# Marker light lamp voltage (using 9 volt battery)



## San Juan (Jan 3, 2008)

I've done a few lighted marker lights in the past powered by a 9 volt battery. My hook up is super simple. Two marker bulbs are connected together, and the 9 volt battery powers them both. They are controlled with a simple on/off switch (SPST). But they have never been very bright. 


I'm not sure what voltage the small bulbs I'm currently using are. Maybe 16 volts, maybe 12, I just can't remember. 

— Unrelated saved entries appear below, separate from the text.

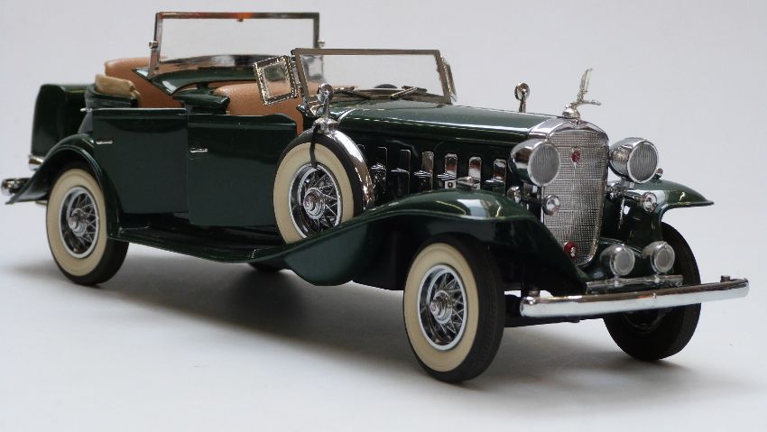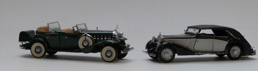 Two Danbury/ Franklin Mint 1:24 scale diecast model vehicles The 1932 Cadillac V-16 Sport Phaeton and The 1939 Maybach Zeppelin, both in original boxes/ packaging.
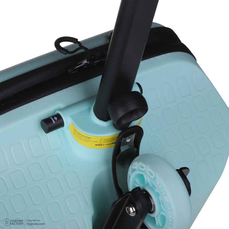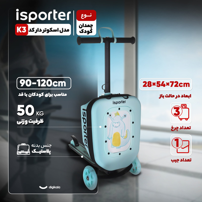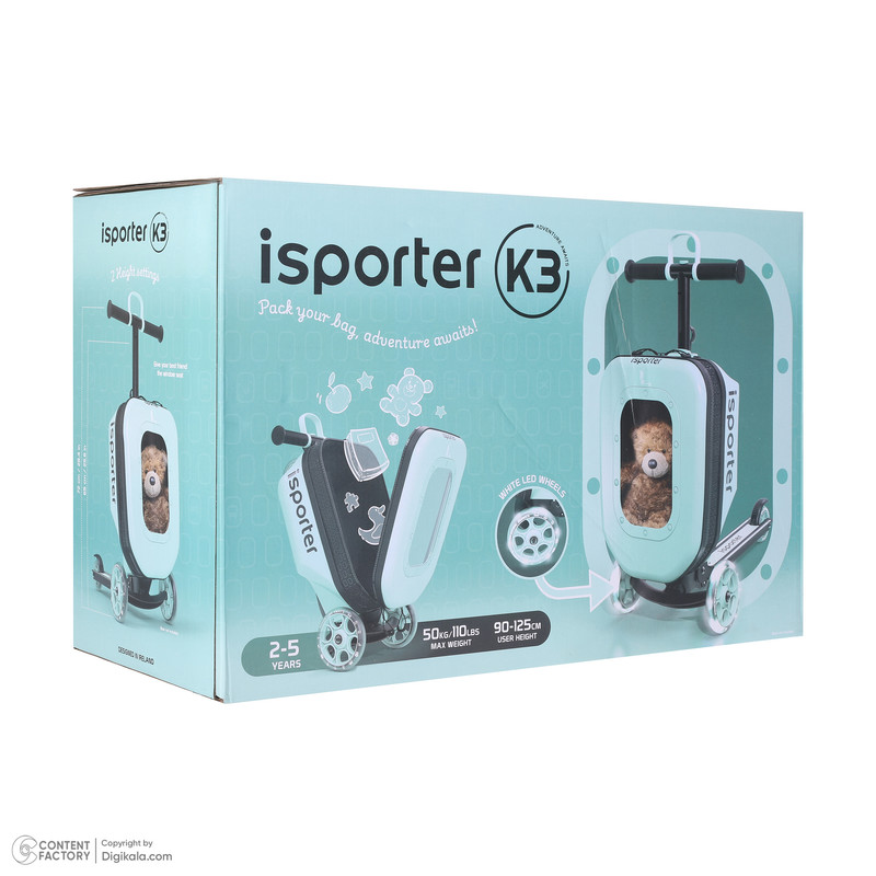 ابعاد در حالت باز : 72×54×28 سانتی متر دارای زیپ افزایش گنجایش دارای دو حالت تنظیم ارتفاع فرمان وزن قابل تحمل 50 کیلوگرم مناسب برای کودکان با قد 90 تا 125 سانتیمتر
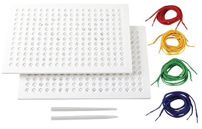 Descriptif du produit :L\'ensemble comprend : 2 tablettes en plastique souple, 2 crayons guide-fil en plastique transparent, 8 lacets (rouge, jaune vert et bleu). L/l/ép. tablette : 27,5 x 19,5 x 1,2 cm. L crayon guide-fil : 13,5 cm. L lacet : 95 cm.
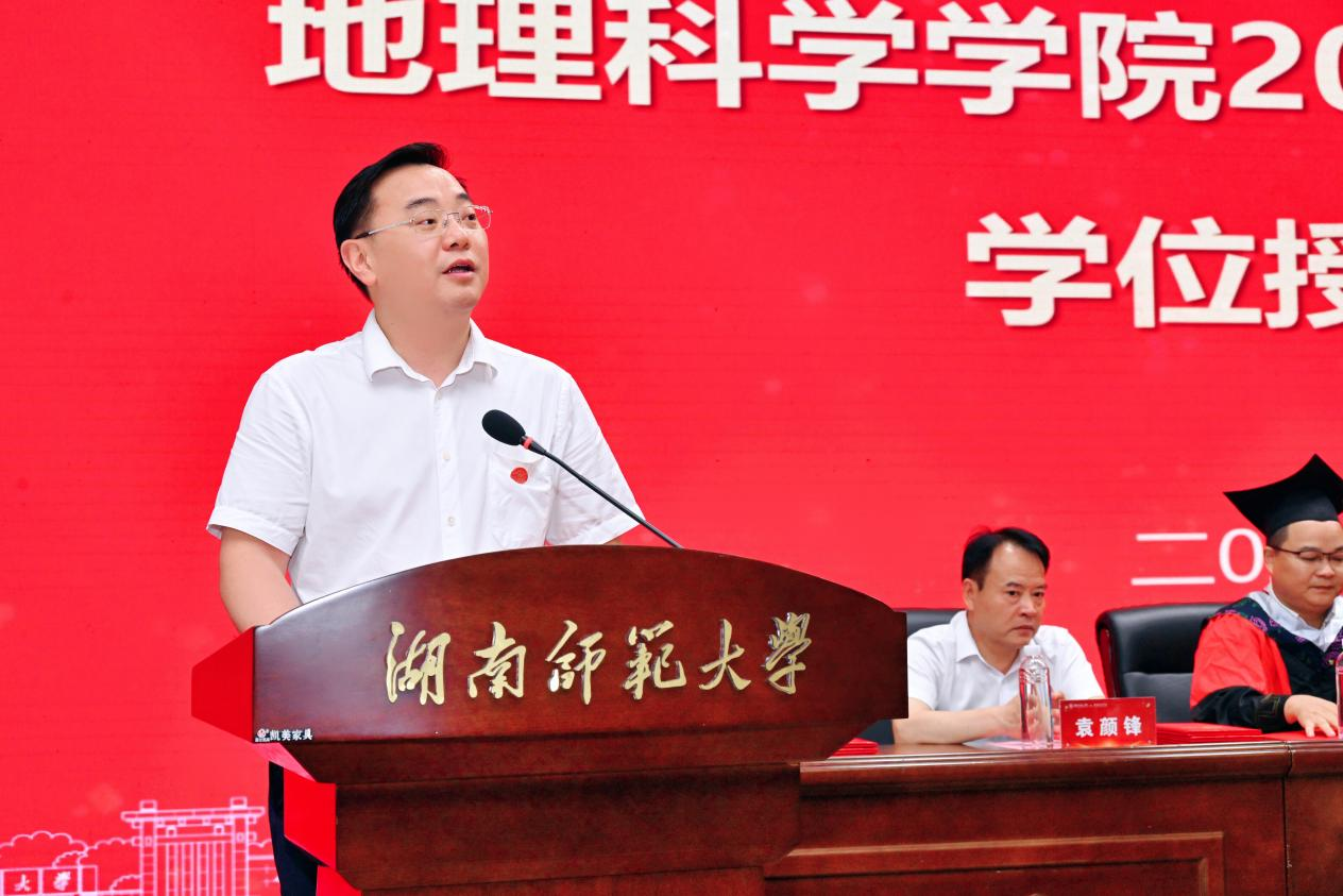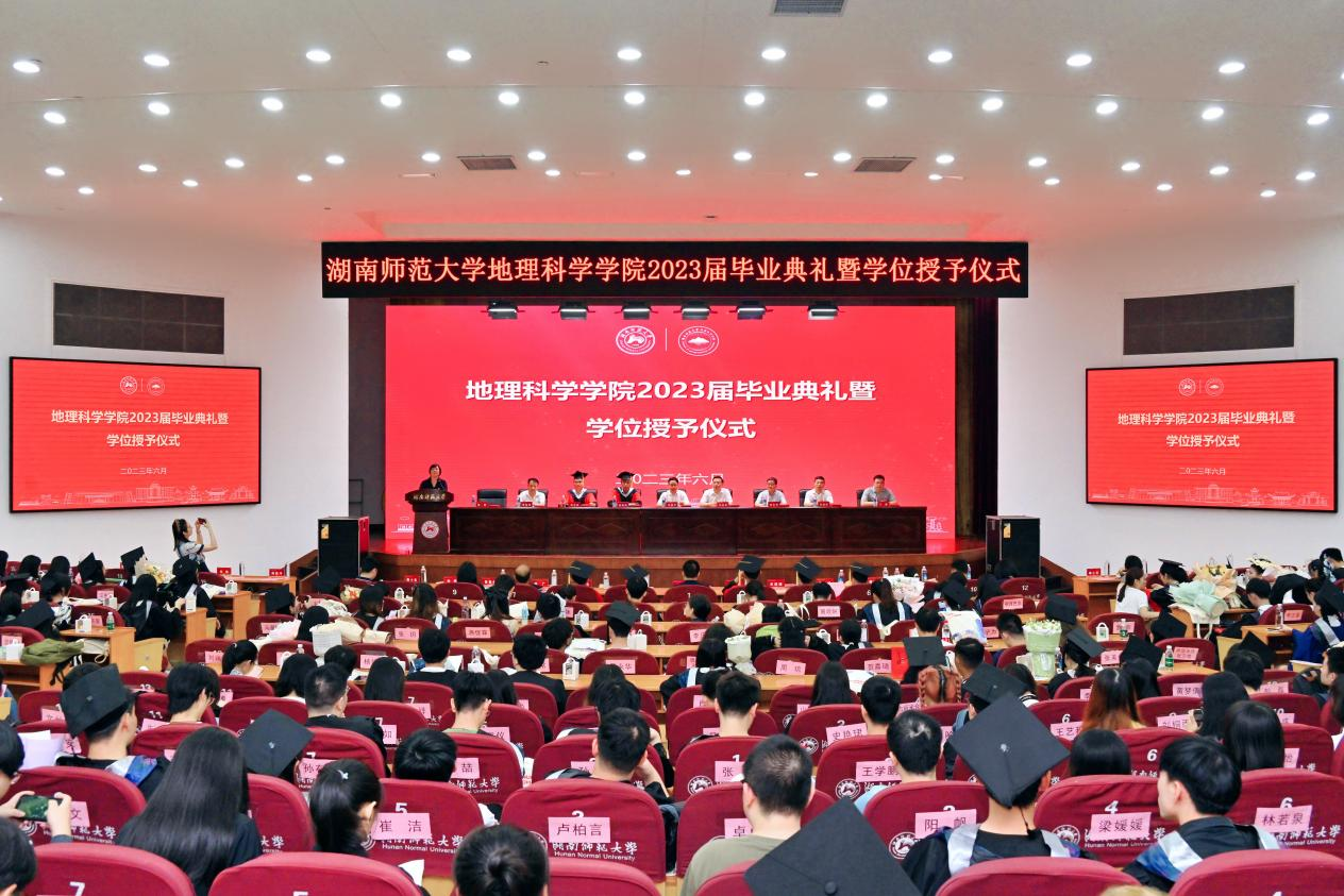 6月16日上午,威廉希尔中文官网在国际学术报告厅举行2023届毕业生毕业典礼。经理周国华、公司党委书记刘忠耿、学校“潇湘学者”特聘专家、博士生导师彭长辉教授、博士生导师谢炳庚教授、教学副经理李忠武、科研副经理饶志国、副处级专职组织员袁颜锋、副经理王磊、土地科学系系主任毛德华教授、地理信息工程系系主任李德平教授、地理科学系系主任邓楚雄教授、城乡规划系系主任朱佩娟教授、博士生导师谭长银教授、地理科学系韩广教授、土地科学系夏卫生教授、城乡规划系贺艳华教授以及2019级班导师、科研办及学工办全体老师出席。

12 volt bulbs are the closest to 9 volts that I can find small enough to fit in my markers. My local hobby shop carries these. But since I could be using 12 volt bulbs already, I'm not sure if these would be bright enough.

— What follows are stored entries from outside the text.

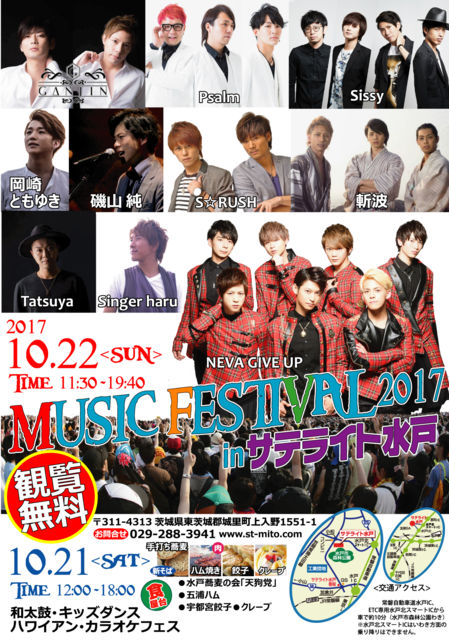 明日は、 茨城県水戸市のサテライト水戸で開催される【 サテライト水戸 ミュージックフェスタ 】に出演します!出演時間は、13:00〜予定です。 年に何回かバンドやソロで出演している「サテライト水戸」。 今回はいつもとは、ちょっと違うミュージックフェスです。 素敵なミュージシャンの皆さんがたくさん出演します。 ぜひ遊びに来てくださいね! お待ちしています! <近日 LIVE情報> ■10月22日(日) 茨城県水戸市 『 サテライト水戸 ミュージックフェスタ 』 13:00〜 ■10月28日(土) 横浜市都筑区
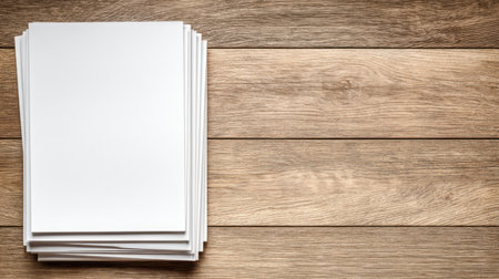 A neat stack of blank white paper sheets rests on a rustic wooden table. This image captures an appealing workspace setting, perfect for office use and creative projects.
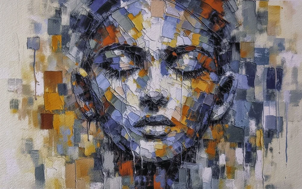 Das Bild entstand zuerst aus diesem Schweigen. Der Text folgte später, als Versuch, den Weg dorthin nachzuvollziehen: zu verstehen, was geschieht, wenn Farbe übernimmt, was Worte nicht mehr halten können.

*If you have lighted markers powered by a battery, what lamp voltage do you use?* 


And I know LEDs are nice and last longer then bulbs (I use them all the time for HO), but I prefer bulbs for this installation do to the full 360 degree light angle and color output.


----------



## Richard Smith (Jan 2, 2008)

I power my caboose marker lights with 9 volt batteries. I use 12 volt bulbs and feel that they're just right in the amount of light (scale) that they give out. 

Whether or not they're bright enough for you it is always a good idea to run the bulbs at a lower than rated voltage for long life.


----------



## dbodnar (Jan 2, 2008)

Posted By San Juan on 17 Dec 2009 11:20 AM 
I've done a few lighted marker lights in the past powered by a 9 volt battery. My hook up is super simple. Two marker bulbs are connected together, and the 9 volt battery powers them both. They are controlled with a simple on/off switch (SPST). But they have never been very bright. 

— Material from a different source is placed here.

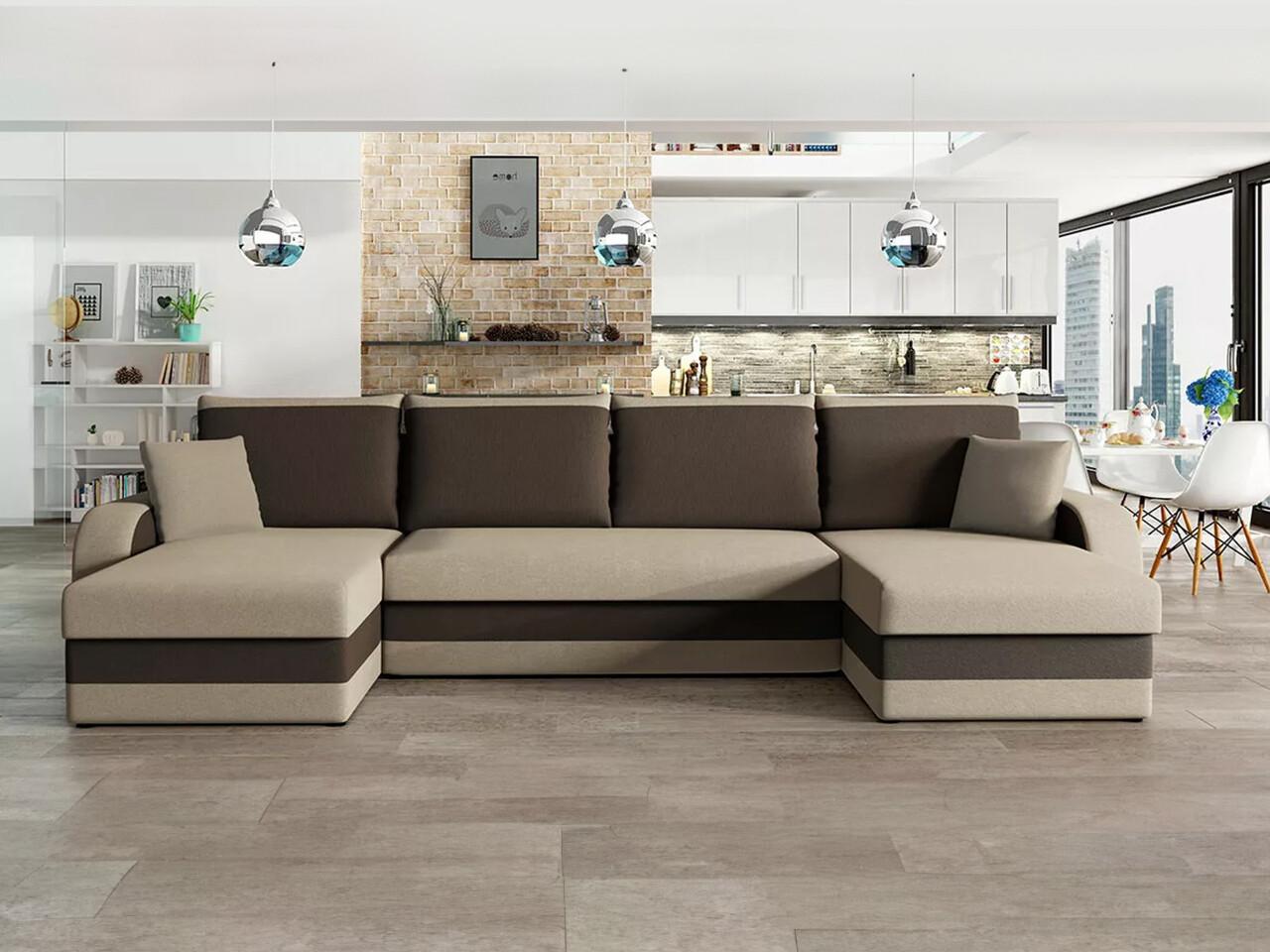 Canapé d'angle Comfivo 233, Brun clair, Fonction de couchage, Boîte de literie, 304x140cm

I'm not sure what voltage the small bulbs I'm currently using are. Maybe 16 volts, maybe 12, I just can't remember. 


12 volt bulbs are the closest to 9 volts that I can find small enough to fit in my markers. My local hobby shop carries these. But since I could be using 12 volt bulbs already, I'm not sure if these would be bright enough.


*If you have lighted markers powered by a battery, what lamp voltage do you use?* 


And I know LEDs are nice and last longer then bulbs (I use them all the time for HO), but I prefer bulbs for this installation do to the full 360 degree light angle and color output.

Matt - if the thing that is keeping you from LEDs is the lack of side visibility you may want to try a trick that I used when using LEDs to illuminate the clerestory on Mr. Roger's Trolley - have a look at how I drilled out the LEDs for it. They are very visible from all sides.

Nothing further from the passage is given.